Und fertig. Du bist in chroot und hast bereits die Umgebungsvariablen geupdatet (das ist im übrigen das was ich auf jeden Fall machen würde. /sys muss nicht gemountet werden, nur funktioniert lspci -k dann nicht in der chroot.)

Jetzt nurnoch den Guide abarbeiten und es sollte funktionieren (evtl musst du vorher emerge -aD1 baselayout ausführen da evtl openrc oder eine andere dringend benötigte Abhängigkeit nicht installierst ist.

JEtzt zu deinem emerge-Problem

Wenn du emerge ohne Optionsschalter startest (also nur emerge paket) siehst du nichts außer das er loslegt.

Wenn du allerdings emerge mit der Option --ask ausführst, gibt er dir die Liste in welcher Reihenfolge er was installieren möchte und fragt dich ob das so in Ordnung ist, die Krönung wäre der Schalter --pretend (der collidiert allerdings mit --ask, also immer nur einer auf einmal), dieser Schalter zeigt dir nämlich nur an was passieren  würde wenn du es starten würdest, also zeigt nur ein "what i will do", nicht ein "what you do when you enter".

----------

## 72_6f_6c_61_6e_64

Danke, jetzt bootet das Teil wieder, jetzt kann ich wieder das Update weiterfahren.

Mal sehen ob ich den Rechner aktuell bekomme, bis der 3.0er Kernel draußen ist  :Wink: 

----------

## bmahler

Hallo, habe hier exakt das gleiche Problem nach Update auf das neue Baselayout.

Ich bin dem Leitfaden gefolgt, hat aber nichts geändert! Was könnte da denn schiefgelaufen sein??

----------

## Max Steel

Hast du den Installationsprozess irgendwo unterbrochen.

----------

## bmahler

Naja, das gesamtge Update habe ich nicht ausgeführt. Aber das Baselayout 2 ist natürlich durchgelaufen und eine Version von OpenRC ist auch installiert...

Falls du mehr Informationen brauchst, sag mir bitte was ich posten soll.

Danke.  :Wink:  .

----------

## bmahler

Mir ist aufgefallen, dass ich openrc 0.8.0 habe und baselayout 2.0.2 Passt das soweit oder sind die beiden versionen nicht zueinander kompatibel?
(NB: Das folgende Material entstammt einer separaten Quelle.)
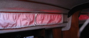 Verhot ovat hyvä yksityisyyttä tuova lisä etenkin matalaan matkaveneeseen. Omakohtaisesti huomasin tämän uusittuani ikkunat kirkkaammiksi joskin sama ilmiö tapahtuu myös tummissa ikkunoissa mikäli sisävalot ovat päällä. Lisäksi kirkkaina kesäkuukausina sopivan tummat verhot toimivat tarvittaessa himmentimenä keskiyön auringolle. Kuvien esimerkeissä kankaan sisäpuoli on valkoinen ja ulkopuoli punainen, mikä on periaatteessa tässä mainittu työmäärä kaksinkertaisena.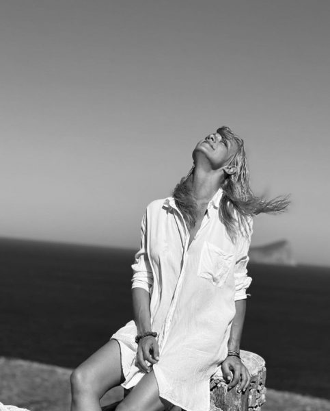 Επίσης, έκανε μία ανάρτηση στον προσωπικό της λογαριασμό στο Instagram, δημοσιεύοντας τρεις φωτογραφίες της. Σε αυτές ποζάρει με φόντο το μπλε της θάλασσας, φορώντας ένα λευκό λινό shirt dress, και λάμπει από ευτυχία.
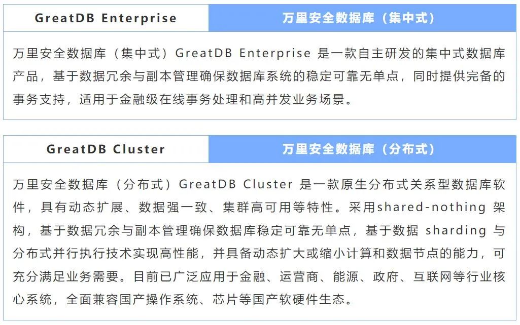万里安全数据库软件GreatDB是公司自主研发的核心关系型数据库产品,可根据用户需求采用集中式或分布式部署。产品具备动态扩展、数据强一致、集群高可用等众多企业级特性,并提供丰富的安全功能特性,满足业务高并发、高扩展性、高安全性等需求,目前已广泛应用于金融、能源、运营商、政府等领域,可充分满足用户数据安全、产品可控等国产化需求。
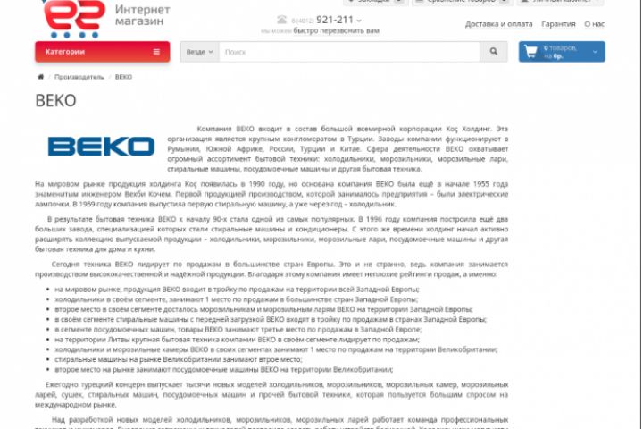 Статья для компании о компании, занимающейся продажей техники "ВЕКО"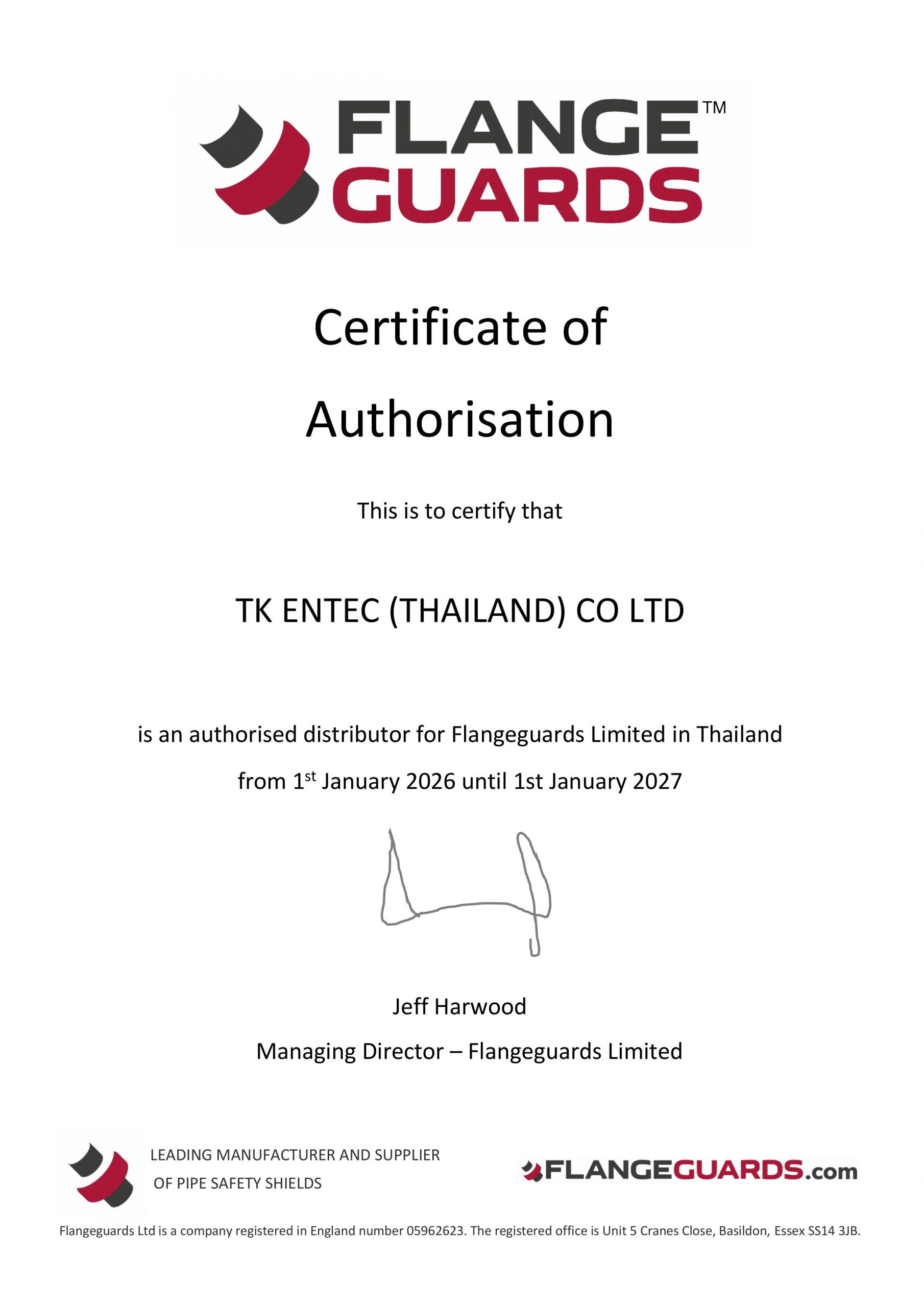Authorised Distributor Certificate – TK Entec (Thailand) Co Ltd

Neuere openrc-Versionen wollen nicht (Compile-Fehler, oder ähnlich *?*)

EDIT:

Habe auch festgestellt, dass # ls -l /etc/runlevels/boot/ mit auch viele Scripts listet, die ich jetzt gar nicht mehr habe.

Die wollte ich also erstmal entfernen... Stellte aber fest, dass ich neuerdings kein rc-update mehr habe! Wie kann denn das sein?

Ich wollte ein emerge system ausführen... bekomme aber zurück, dass mein C-Compiler nicht funktionieren würde.

Was ist da denn los? Ich habs nichts an der Konfiguration geändert, seit mein System zum letzten mal lief!

----------

## Josef.95

 *bmahler wrote:*   

> Mir ist aufgefallen, dass ich openrc 0.8.0 habe und baselayout 2.0.2 Passt das soweit oder sind die beiden versionen nicht zueinander kompatibel?
> 
> Neuere openrc-Versionen wollen nicht (Compile-Fehler, oder ähnlich *?*)
> 
> EDIT:
> ...

 

Hmm..  openrc-0.8.0 solltest du eigentlich nicht mehr verwenden, aktuell ist doch openrc-0.8.2-r1 stable - siehe http://packages.gentoo.org/package/sys-apps/openrc

Ich würde vorschlagen noch mal einen frischen --sync zu machen, dann ein normales "emerge -avuDN world" sauber durchzubringen, dann die Configs mit etc-update zu aktualisieren, und dann den Baselayout and OpenRC Migration Guide zu nutzen. Wenn du das korrekt und fertig durch hast mache bitte ein reboot.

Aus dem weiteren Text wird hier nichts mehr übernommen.